■ REQUIREMENT:
Please output the listing that follows exactly, but keep all images out.

■ DATA SECTION:
^^^^^^^^

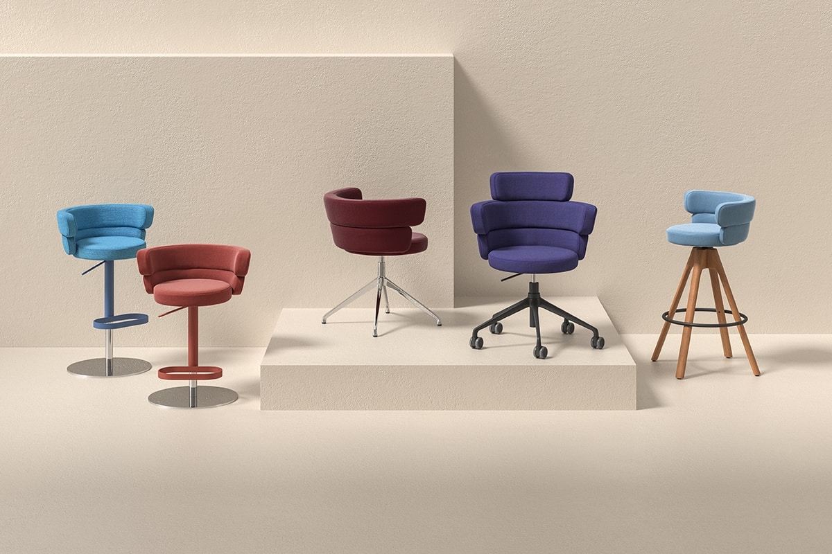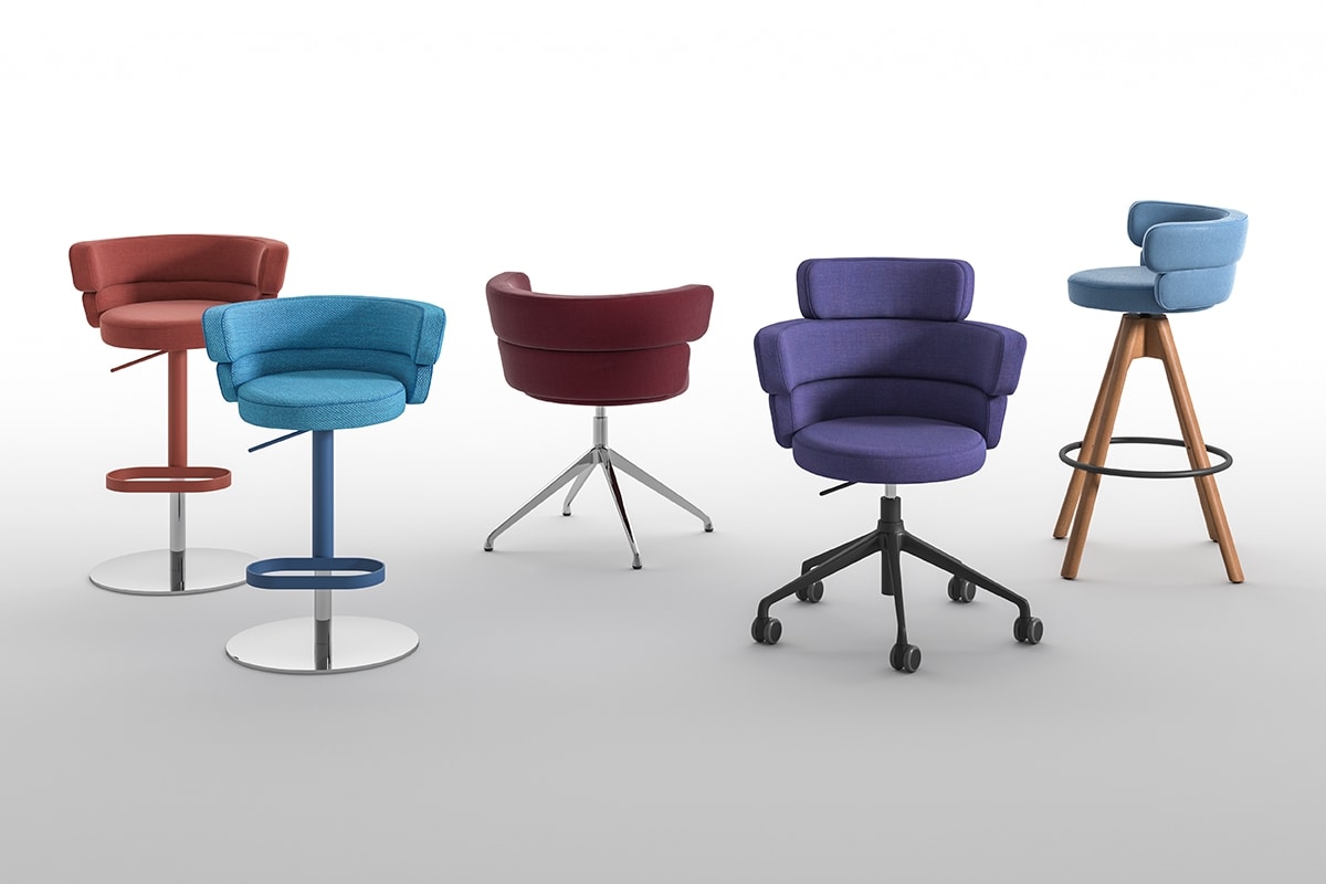 Dam è una collezione di sedute imbottite composta di poltroncine e sgabelli girevoli. Il sedile, tondo e ben imbottito, è avvolto dallo schienale a due o tre fasce sovrapposte che oltre a offrire un confortevole supporto lombare fungono da braccioli. La poltroncina è disponibile con base a trespolo, con o senza ruote piroettanti, mentre lo sgabello girevole è fornito con base regolabile in altezza in acciaio inox satinato e poggiapiedi cromato o verniciato, oppure con base in legno.
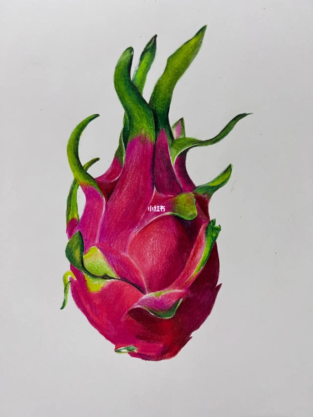 彩铅水果画丨教你怎么画一个红彤彤的彩铅火龙果!_版权_网络_来源
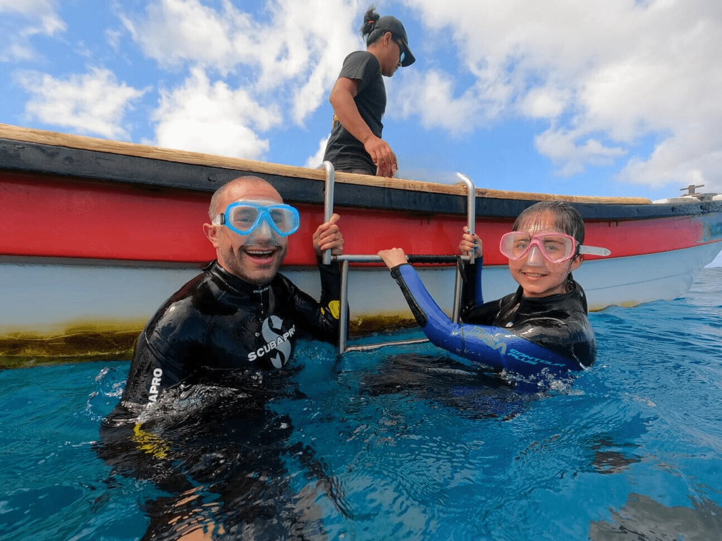 Partida hacia el arrecife Vai a Heva, ubicado a 3 minutos mar adentro.
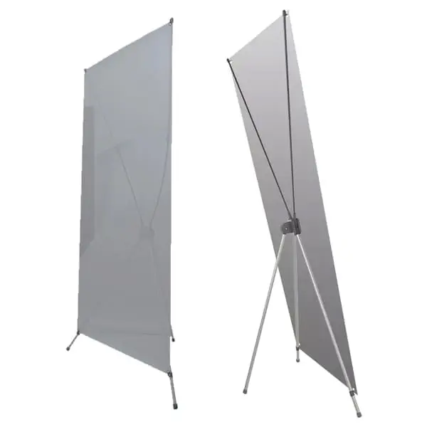 Display banner tipo X ajustable con barillas de aluminio

^^^^^^^^

■ EXERCISE RESULT:
 Dam è una collezione di sedute imbottite composta di poltroncine e sgabelli girevoli. Il sedile, tondo e ben imbottito, è avvolto dallo schienale a due o tre fasce sovrapposte che oltre a offrire un confortevole supporto lombare fungono da braccioli. La poltroncina è disponibile con base a trespolo, con o senza ruote piroettanti, mentre lo sgabello girevole è fornito con base regolabile in altezza in acciaio inox satinato e poggiapiedi cromato o verniciato, oppure con base in legno.
 彩铅水果画丨教你怎么画一个红彤彤的彩铅火龙果!_版权_网络_来源
 Partida hacia el arrecife Vai a Heva, ubicado a 3 minutos mar adentro.
 Display banner tipo X ajustable con barillas de aluminio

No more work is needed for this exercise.